Dennoch betrachtet Marty Whitman sein derzeitiges Vorgehen nicht als klassischen Graham/Dodd Ansatz, sondern als eine Art aktualisierte Version der Graham & Dodd Theorie, die nach Schnäppchen – den sogenannten net-net Aktien – suchte. Mit „net-net“ bezeichnete Benjamin Graham Unternehmen, deren Aktien für weniger als ihr Anteil am Umlaufvermögen abzüglich aller Verbindlichkeiten gehandelt werden. Whitmans Ansatz unterscheidet sich dahingehend, dass er nur investiert, wenn die Unternehmen über eine tadellose Finanzierung verfügen. Ein weiterer Unterschied ist, dass sich Graham & Dodd beim Konzept der net-net Aktien nur auf das Umlaufvermögen konzentrierten, während Whitman heutzutage auf qualitativ hochwertige Aktiva achtet, unabhängig davon, an welcher Stelle der Bilanz sie ausgewiesen werden.

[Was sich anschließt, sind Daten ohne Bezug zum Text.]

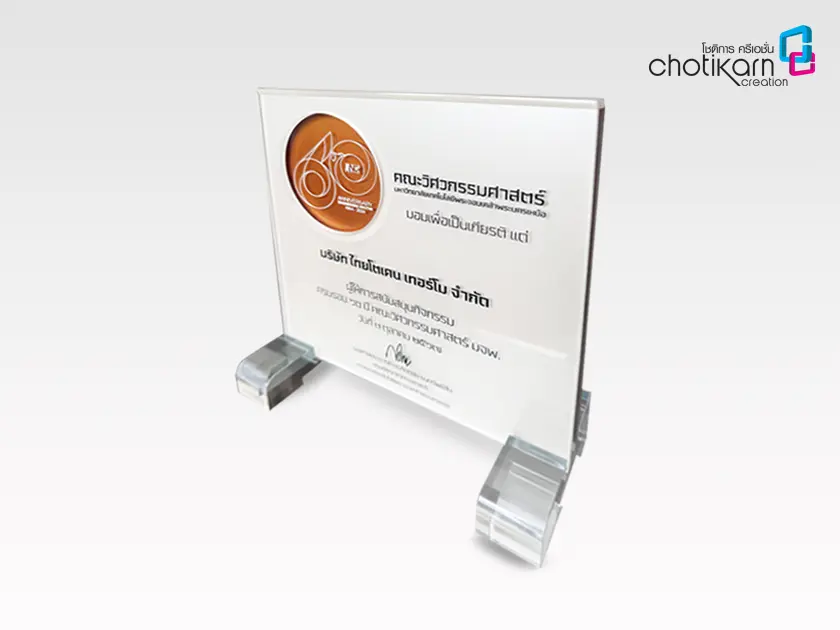 โล่รางวัลอะคริลิค (Acrylic Trophy) สำหรับงานมอบรางวัลหรืองานเกียรติยศ สามารถทำรูปทรงได้หลากหลาย เช่น ทรงสี่เหลี่ยม, วงกลม, หยดน้ำ หรือรูปทรงอิสระอื่นๆ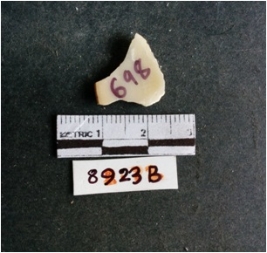 | Description / विवरण | The shell fragment is a small piece, with truncated ends and sharp edges. The piece has natural polish on its inner surface and outer surface has natural rough striations. The piece is pale white in color. The piece is waste material bi - product as a result of shell working at the site. |

Marty Whitman hält die Theorie von Graham & Dodd sogar für falsch, da das Umlaufvermögen auch den Warenbestand eines Unternehmens beinhaltet und dieser nach Whitmans Einschätzung in manchen Fällen sogar zu den schlimmsten Vermögenswerten gehört, die ein Investor besitzen kann. Der Grund hierfür ist, dass Warenbestände im Allgemeinen von Alterung und Preisnachlässen betroffen sind.
Da Marty Whitman zu den wenigen Menschen gehört, die bereits den Bärenmarkt der 1970er Jahre durchlebt haben, erscheint seine Einschätzung der heutigen Situation im Vergleich zu damals insbesondere für jüngere Anleger interessant und aufschlußreich. In diesem Zusammenhang erklärt Whitman, dass schwierige Zeiten grundsätzlich sehr viel dramatischer wahrgenommen werden, während man sie durchlebt. Auch heute hält er diese Aussage für zutreffend. Nach seiner Einschätzung ist die aktuelle Krise schlimmer, als die in 1974. Whitman glaubte damals, dass die Situation nicht mehr schlechter werden könne. Heute denkt er das gleiche.